Somewhere below are a line with "Negative photograph of" and a later line with "人字形網帶材質:有碳鋼、鍍鋅". Output exactly those lines and all lines between them.
** Opening Data provided block **
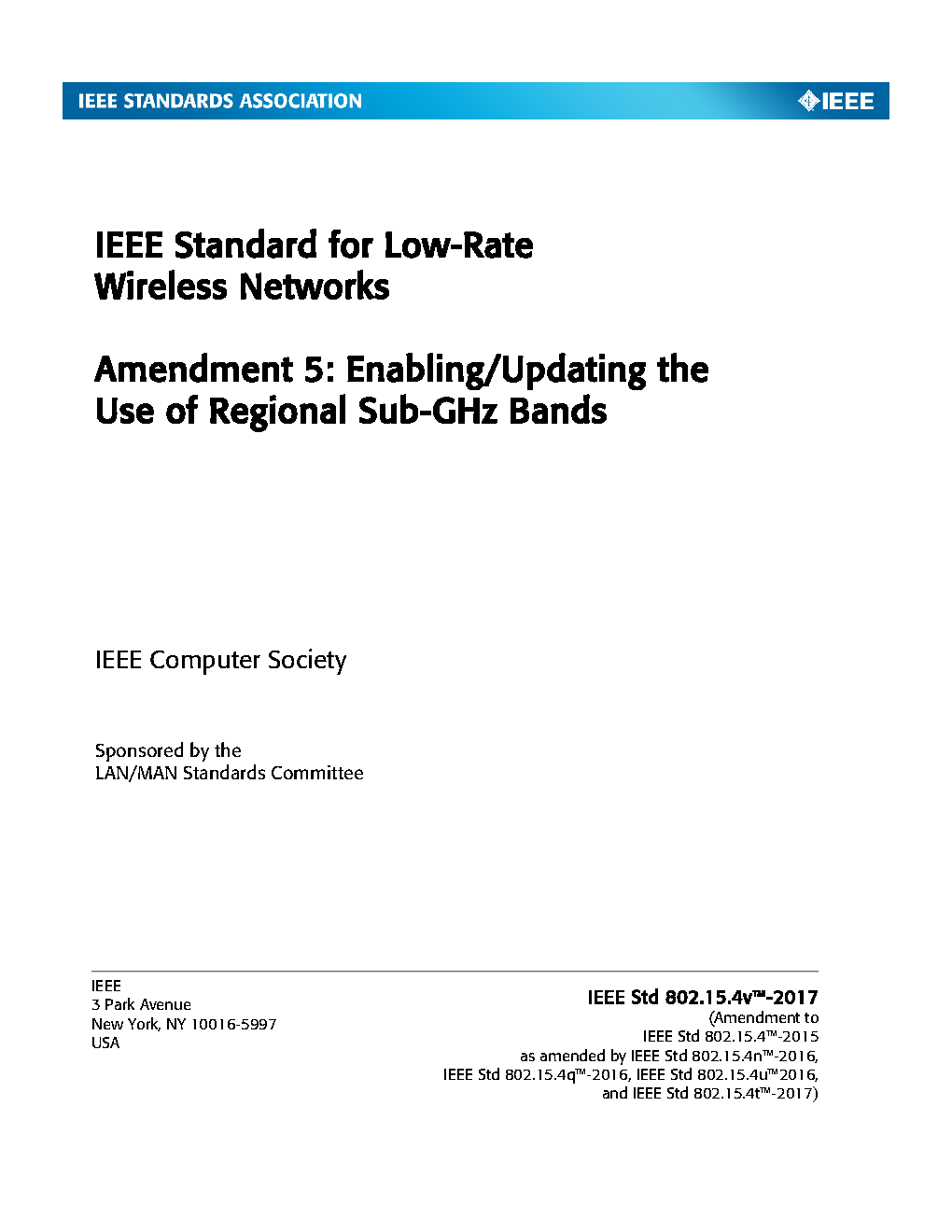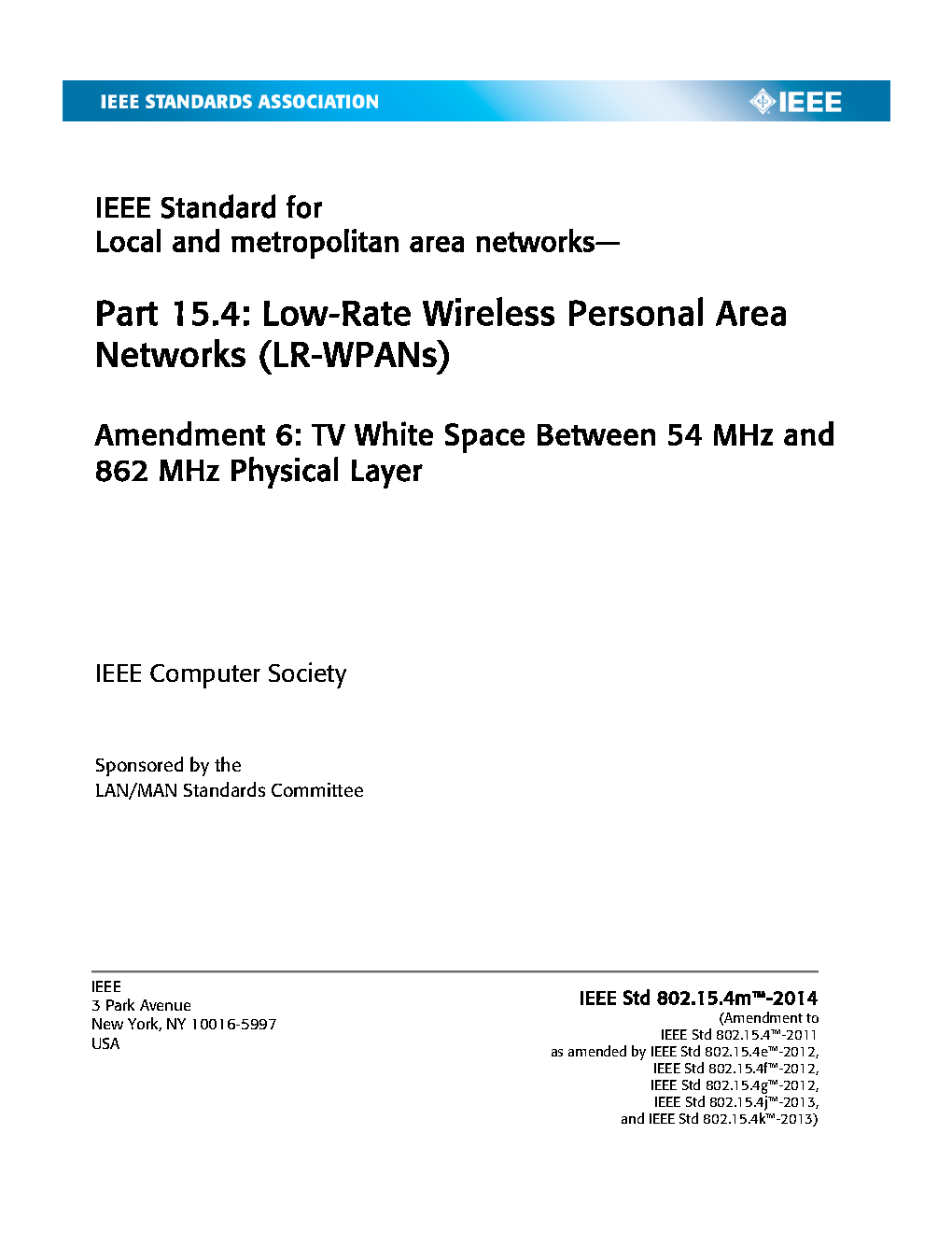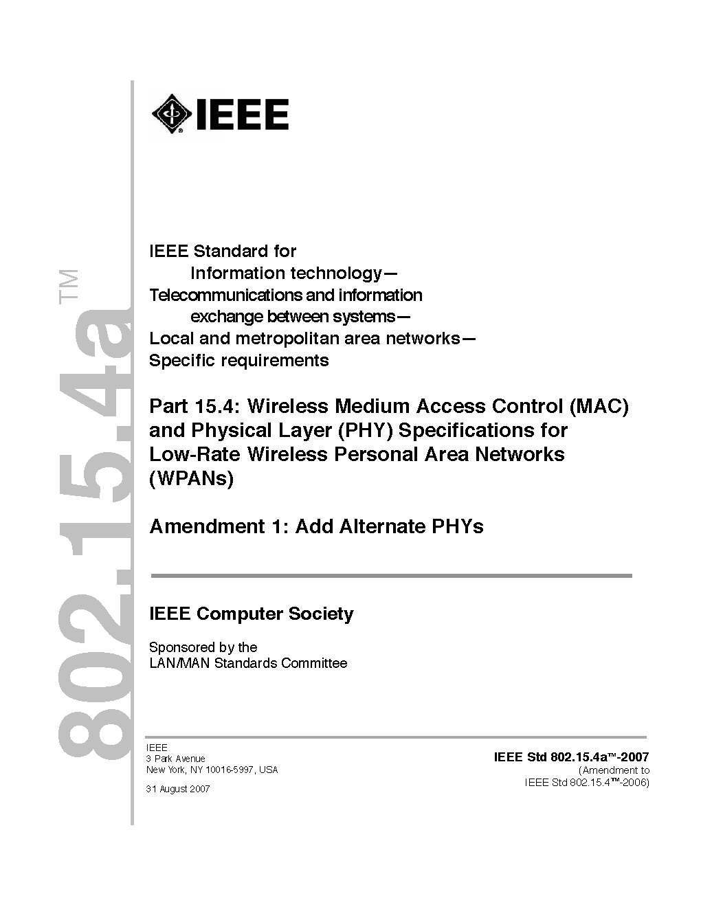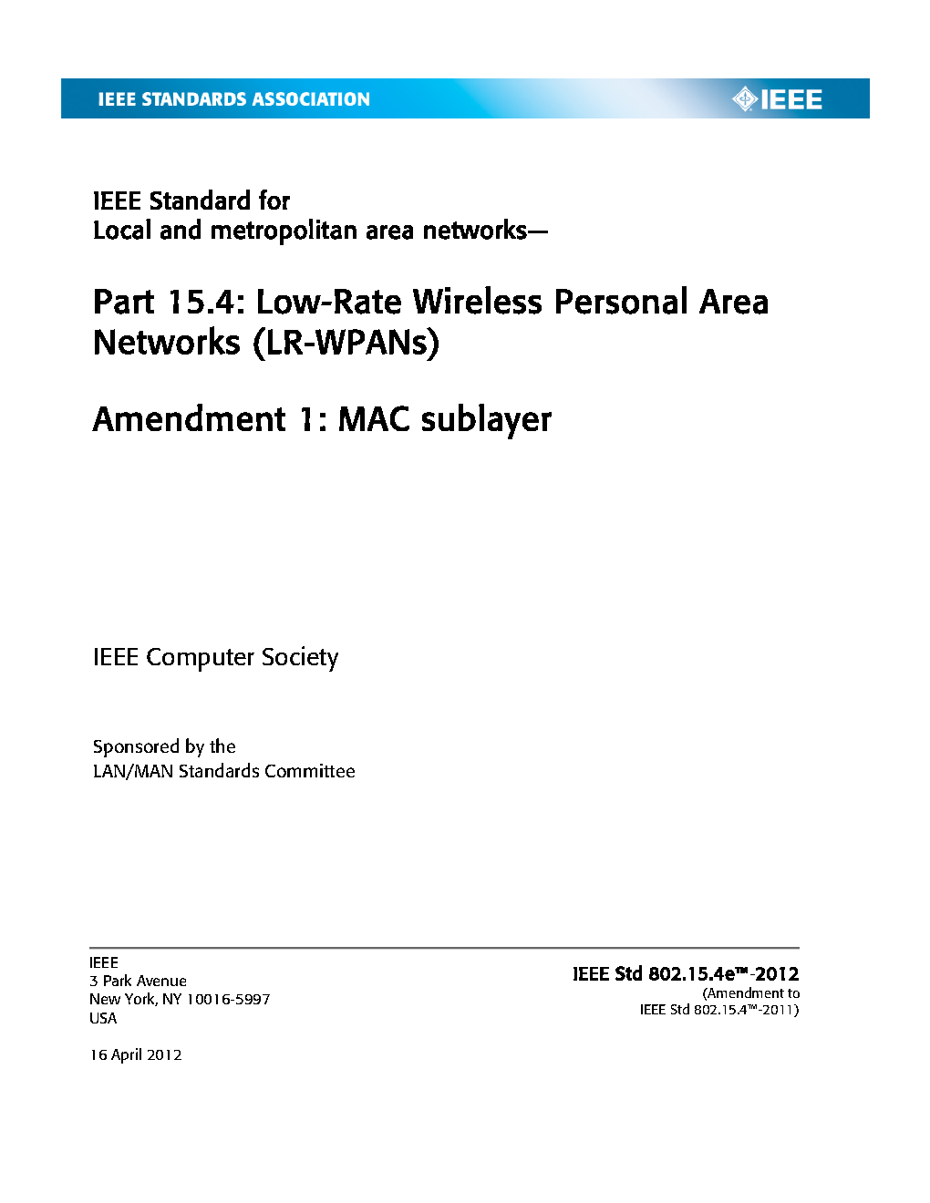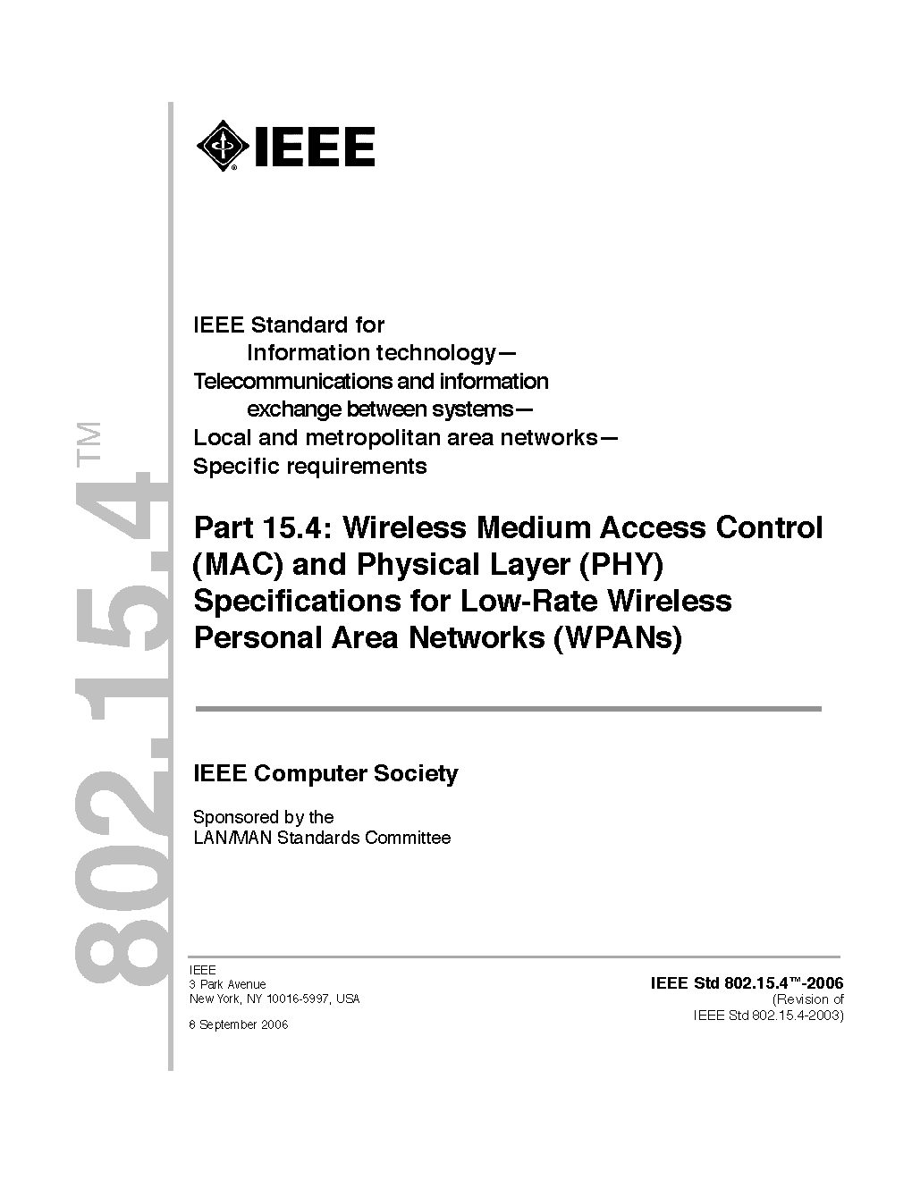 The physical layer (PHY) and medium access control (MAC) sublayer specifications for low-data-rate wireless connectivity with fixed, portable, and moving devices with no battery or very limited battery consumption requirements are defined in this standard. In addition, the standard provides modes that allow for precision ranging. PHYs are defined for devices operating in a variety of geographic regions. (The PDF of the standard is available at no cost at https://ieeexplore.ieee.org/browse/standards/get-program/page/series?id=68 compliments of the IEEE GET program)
** Closing Data provided block **
** Opening Data provided block **
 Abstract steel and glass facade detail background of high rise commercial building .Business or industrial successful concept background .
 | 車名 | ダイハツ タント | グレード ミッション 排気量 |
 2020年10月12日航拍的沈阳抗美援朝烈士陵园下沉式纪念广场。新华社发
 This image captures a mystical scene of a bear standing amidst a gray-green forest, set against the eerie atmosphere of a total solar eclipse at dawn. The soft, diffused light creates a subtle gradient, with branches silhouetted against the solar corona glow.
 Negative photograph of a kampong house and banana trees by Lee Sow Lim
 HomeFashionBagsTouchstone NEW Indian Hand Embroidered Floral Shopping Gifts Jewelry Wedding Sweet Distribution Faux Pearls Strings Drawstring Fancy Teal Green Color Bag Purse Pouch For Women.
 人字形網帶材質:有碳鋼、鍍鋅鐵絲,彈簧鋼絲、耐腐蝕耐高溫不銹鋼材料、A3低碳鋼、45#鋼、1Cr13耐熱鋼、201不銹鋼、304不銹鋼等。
** Closing Data provided block **
**The completed task**
 Negative photograph of a kampong house and banana trees by Lee Sow Lim
 HomeFashionBagsTouchstone NEW Indian Hand Embroidered Floral Shopping Gifts Jewelry Wedding Sweet Distribution Faux Pearls Strings Drawstring Fancy Teal Green Color Bag Purse Pouch For Women.
 人字形網帶材質:有碳鋼、鍍鋅鐵絲,彈簧鋼絲、耐腐蝕耐高溫不銹鋼材料、A3低碳鋼、45#鋼、1Cr13耐熱鋼、201不銹鋼、304不銹鋼等。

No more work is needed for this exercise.